1956
Zao Wou-Ki French, born China, 1921-2013
France
Born in Beijing, Zao Wou-ki moved to Paris in 1948. He had studied at China’s most progressive art academy, training in both Western oil painting and Chinese ink painting and calligraphy. Despite his education, Zao’s arrival in the cosmopolitan French capital prompted for him a more tangible, as well as conceptual, reckoning with Eastern and Western aesthetics. However, it was not until he traveled to the United States, where he viewed Abstract Expressionist paintings for the first time, did the artist embrace exclusively the atmospheric abstraction for which he became known. After returning to Paris, Zao began to create sweeping, large-scale compositions and swiftly rose to prominence among a circle of fellow Paris-based abstract painters interested in lyrical and intuitive mark making, including American Joan Mitchell and German-born Hans Hartung.
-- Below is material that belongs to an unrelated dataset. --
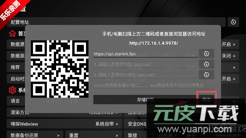 用户可自由添加自定义频道,打造个人电视节目列表,或通过扫描二维码、粘贴JSON/Base64链接导入数据源。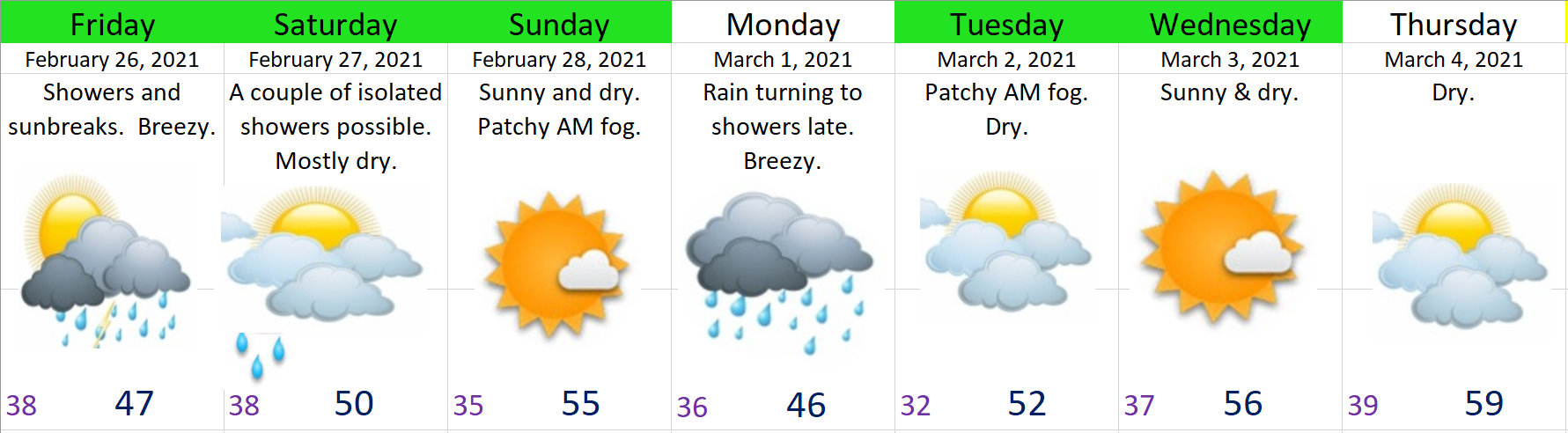 February 2021 is coming to a close and March is just around the corner. Here’s how the next 7 days are looking:

In The Night is Stirring, Zao built up layers of jewel-toned color, activated by touches of lurid red and a torquing column that seems to climb up the center of the canvas. While his dark, inky brushstrokes call to mind Chinese calligraphy, still more traditional Chinese painting is reflected through Zao’s manipulation of the tropes of the landscape format, which emphasizes the rhythms
and energies of nature more than a strictly realistic approach. Suspended between the conventions of Chinese landscape painting and the materiality of Western oil painting, Zao’s canvas occupies other in-between states as well; it is, for example, an abstract work that suggests not only landscape in general but nightfall more specifically. Zhang borrowed the title from a book of poems by writer and painter Henri Michaux, a close friend and mentor.